Thailand has refused to extradite members of the Russian band Bi-2, as well as those suspected and accused of political offences, according to human rights principles.

All Russian rock band Bi-2 members have left Thailand “in accordance with their wishes and Thai immigration laws and regulations”, Thai Foreign Ministry spokeswoman Kanchana Patarachoke said.

Thailand came under scrutiny from international human rights activists after immigration officials arrested seven members of the band for not having work permits. The rock band members, who have criticised Russia’s special military operation in Ukraine, told media afterwards that they feared deportation to Russia.

Five of the seven Bee-2 musicians entered Thailand on Russian passports. At least four are reportedly Israeli citizens, including the band’s two founding members, Alexander Uman and Yegor Bortnik (recognised as a foreign agent in Russia). The latter is also an Australian citizen.
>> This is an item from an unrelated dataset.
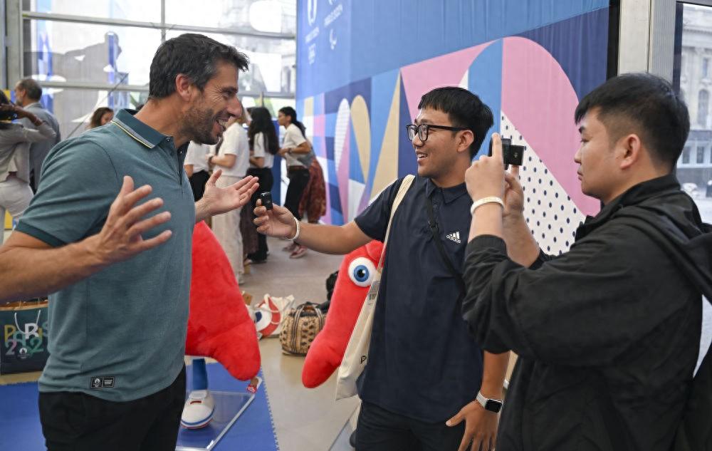 6月27日,巴黎奧組委主席托尼·埃斯坦蓋(左)在巴黎奧運會官方特許商品旗艦店接受新華社記者采訪。新華社記者 賀長山 攝

Alexander “Shura” Uman, guitarist and vocalist of Bi-2, said that when he arrived at Ben-Gurion International Airport in Tel Aviv, the band exhaled as they were tired after their ordeal. Alexander Uman also described the conditions under which the group was held in a Thai prison as “horrible and bestial.”

Uman thanked Israeli, American and Australian diplomats, as well as human rights organisations, for working to get the group out of Thailand. A handful of supporters greeted the musicians on an early morning flight with signs welcoming the band to Israel.

Bi-2 has one million subscribers on its YouTube channel and 376,000 monthly listeners on Spotify. Andrei Lugovoi, a member of Russia’s lower house of parliament, called the band members “scum” for supporting the Nazi regime in Ukraine.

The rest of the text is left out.